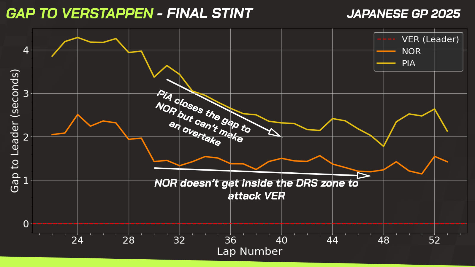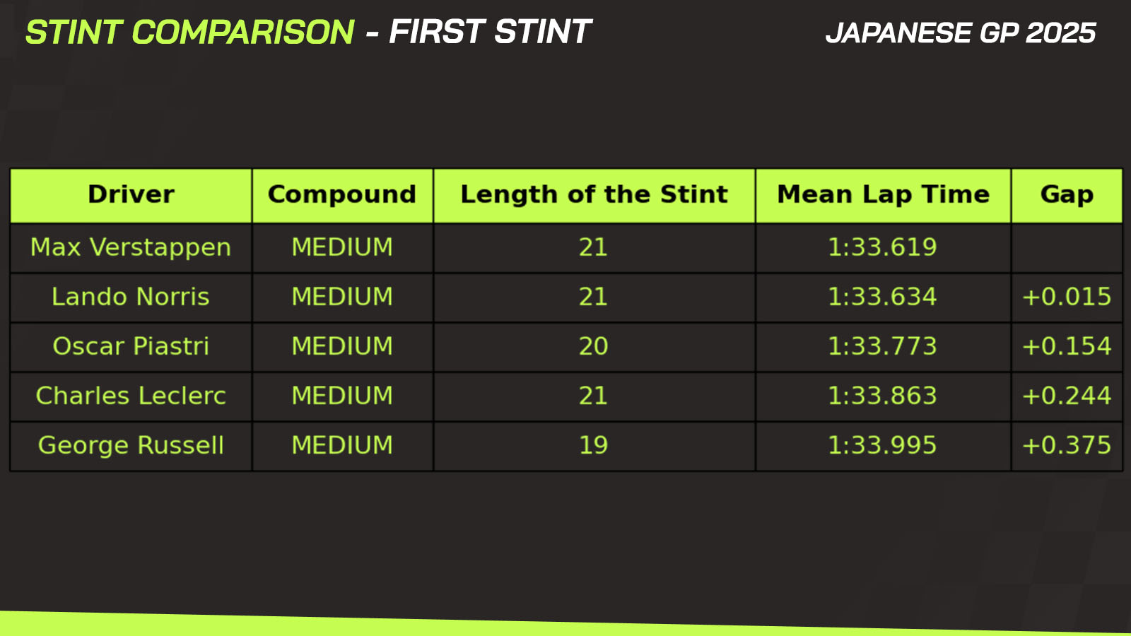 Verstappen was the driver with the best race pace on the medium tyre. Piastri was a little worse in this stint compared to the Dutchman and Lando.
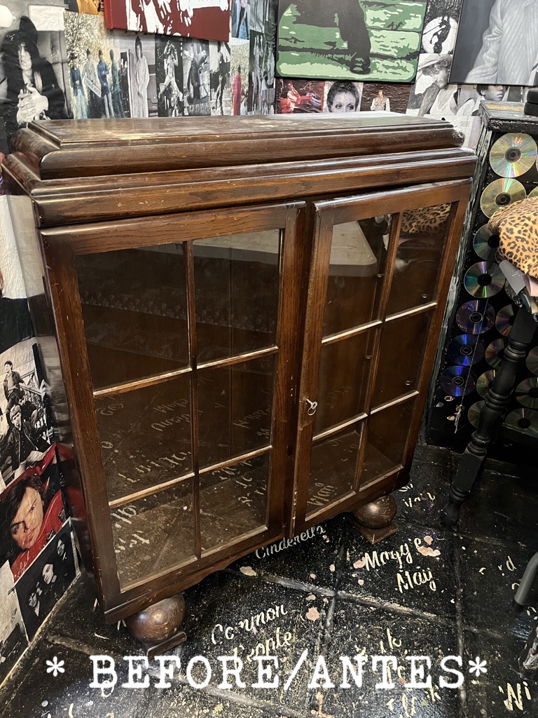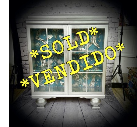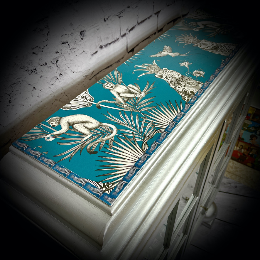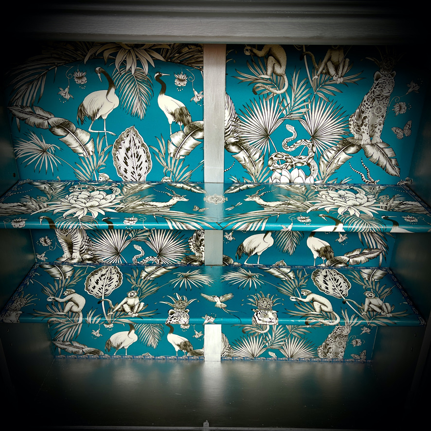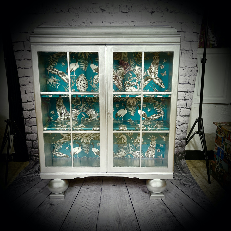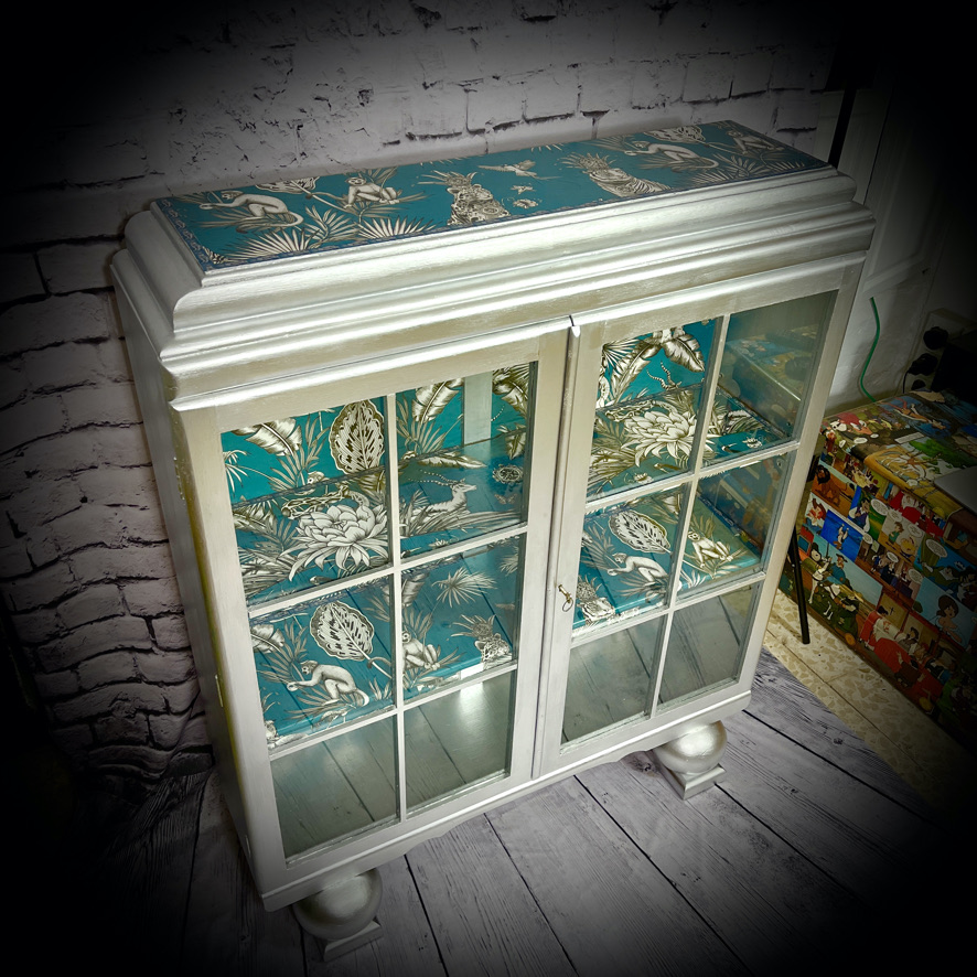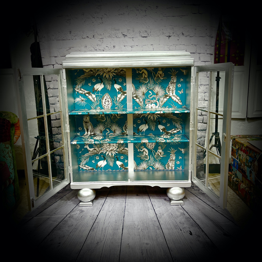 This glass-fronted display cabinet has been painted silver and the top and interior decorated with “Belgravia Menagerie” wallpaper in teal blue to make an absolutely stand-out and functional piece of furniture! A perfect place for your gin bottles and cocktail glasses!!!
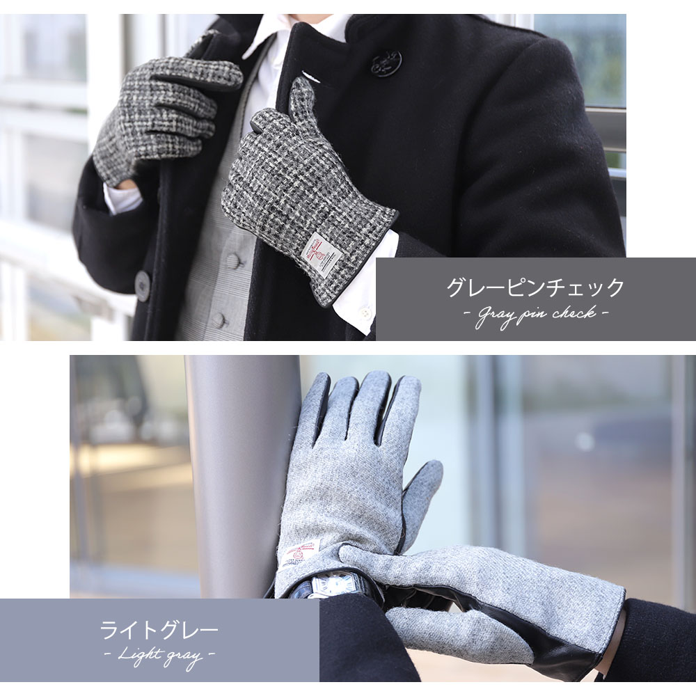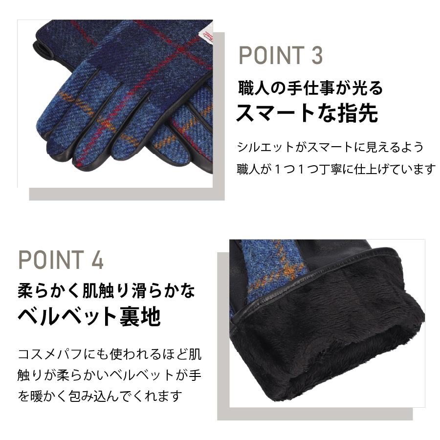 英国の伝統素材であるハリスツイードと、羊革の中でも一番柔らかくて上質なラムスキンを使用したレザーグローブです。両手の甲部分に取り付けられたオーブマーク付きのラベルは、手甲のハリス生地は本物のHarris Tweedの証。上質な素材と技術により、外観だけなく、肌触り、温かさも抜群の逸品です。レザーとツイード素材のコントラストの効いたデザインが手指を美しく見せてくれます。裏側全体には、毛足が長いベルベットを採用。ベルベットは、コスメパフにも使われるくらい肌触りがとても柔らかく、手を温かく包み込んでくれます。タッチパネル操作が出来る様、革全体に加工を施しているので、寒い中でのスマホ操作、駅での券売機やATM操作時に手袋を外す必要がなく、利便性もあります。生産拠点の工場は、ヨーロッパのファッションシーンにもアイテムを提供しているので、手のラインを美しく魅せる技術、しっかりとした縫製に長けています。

* What you are asked to do
Would you output the full listing exactly as it stands, minus the images?

* Answer area
 Verstappen was the driver with the best race pace on the medium tyre. Piastri was a little worse in this stint compared to the Dutchman and Lando.
 This glass-fronted display cabinet has been painted silver and the top and interior decorated with “Belgravia Menagerie” wallpaper in teal blue to make an absolutely stand-out and functional piece of furniture! A perfect place for your gin bottles and cocktail glasses!!!
 英国の伝統素材であるハリスツイードと、羊革の中でも一番柔らかくて上質なラムスキンを使用したレザーグローブです。両手の甲部分に取り付けられたオーブマーク付きのラベルは、手甲のハリス生地は本物のHarris Tweedの証。上質な素材と技術により、外観だけなく、肌触り、温かさも抜群の逸品です。レザーとツイード素材のコントラストの効いたデザインが手指を美しく見せてくれます。裏側全体には、毛足が長いベルベットを採用。ベルベットは、コスメパフにも使われるくらい肌触りがとても柔らかく、手を温かく包み込んでくれます。タッチパネル操作が出来る様、革全体に加工を施しているので、寒い中でのスマホ操作、駅での券売機やATM操作時に手袋を外す必要がなく、利便性もあります。生産拠点の工場は、ヨーロッパのファッションシーンにもアイテムを提供しているので、手のラインを美しく魅せる技術、しっかりとした縫製に長けています。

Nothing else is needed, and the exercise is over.